## Exercise
Write out the listing below without alteration, omitting its pictures.

[[ Provided material open ]]

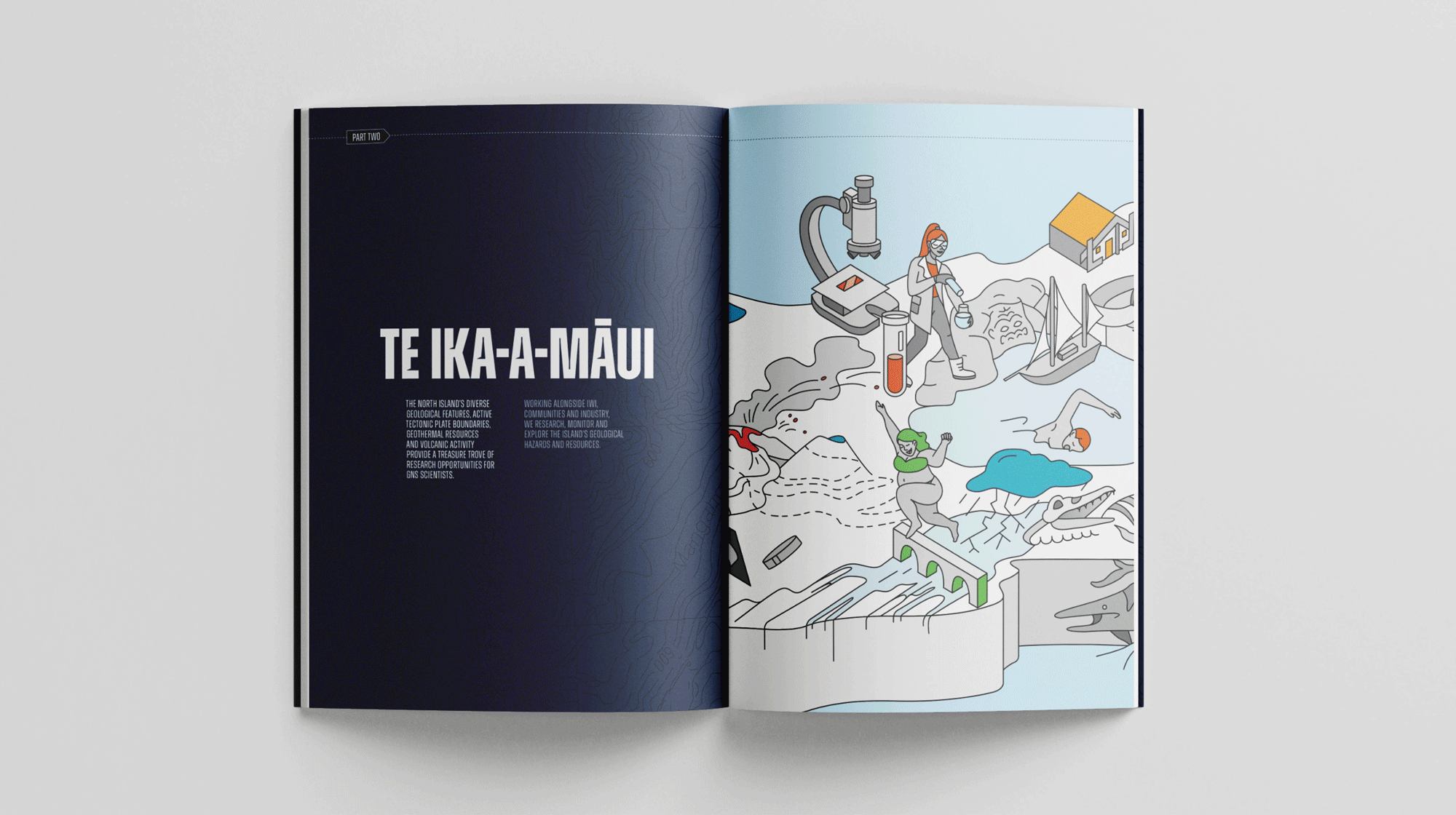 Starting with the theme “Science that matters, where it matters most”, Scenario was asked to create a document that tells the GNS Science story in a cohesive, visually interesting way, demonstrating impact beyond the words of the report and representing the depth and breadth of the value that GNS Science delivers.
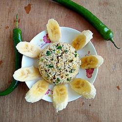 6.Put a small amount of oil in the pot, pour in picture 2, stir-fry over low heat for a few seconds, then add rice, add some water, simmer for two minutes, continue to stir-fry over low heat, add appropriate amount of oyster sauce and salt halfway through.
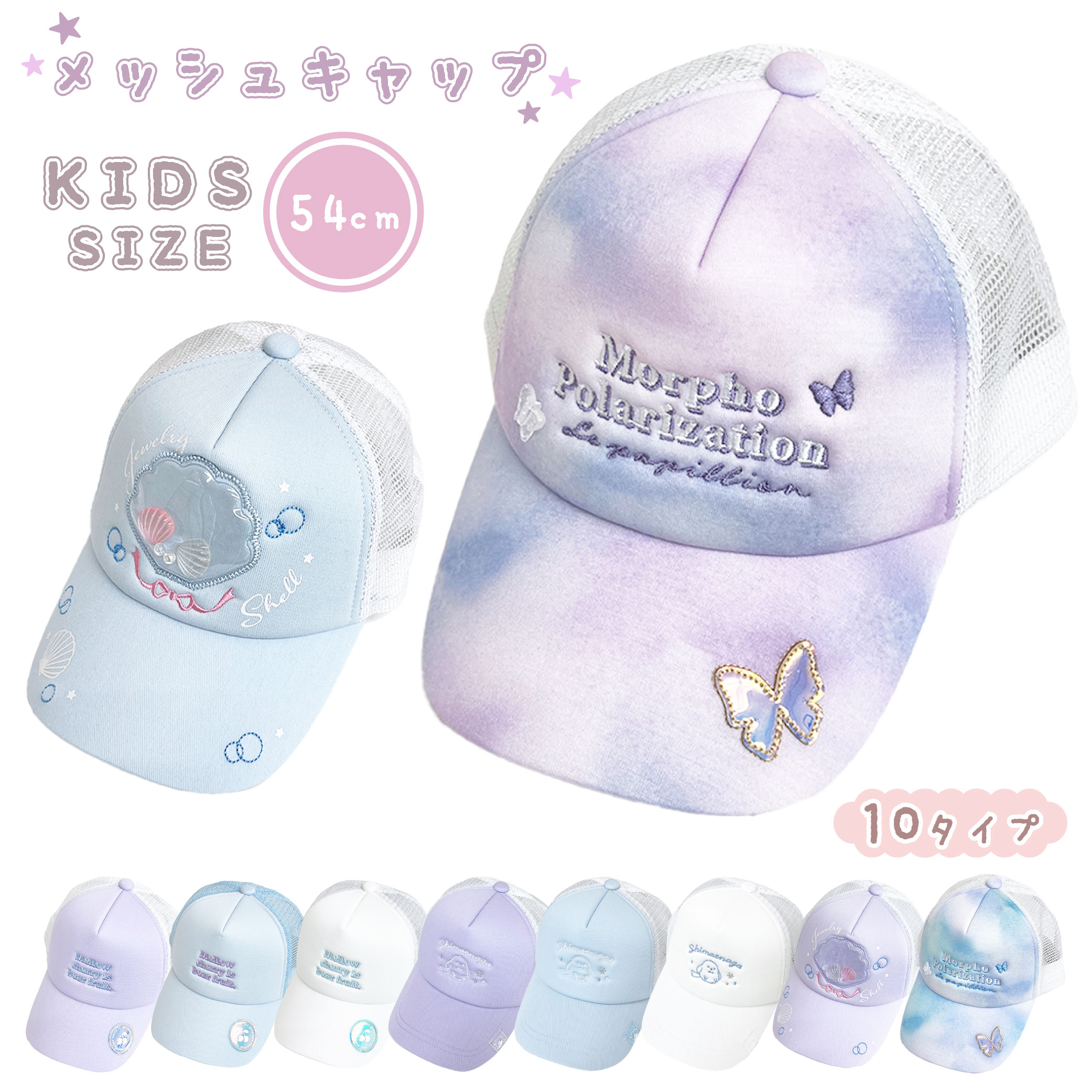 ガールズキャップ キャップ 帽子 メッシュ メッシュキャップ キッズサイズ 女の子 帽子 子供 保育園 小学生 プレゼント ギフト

[[ Provided material closed ]]

## Answer section
 Starting with the theme “Science that matters, where it matters most”, Scenario was asked to create a document that tells the GNS Science story in a cohesive, visually interesting way, demonstrating impact beyond the words of the report and representing the depth and breadth of the value that GNS Science delivers.
 6.Put a small amount of oil in the pot, pour in picture 2, stir-fry over low heat for a few seconds, then add rice, add some water, simmer for two minutes, continue to stir-fry over low heat, add appropriate amount of oyster sauce and salt halfway through.
 ガールズキャップ キャップ 帽子 メッシュ メッシュキャップ キッズサイズ 女の子 帽子 子供 保育園 小学生 プレゼント ギフト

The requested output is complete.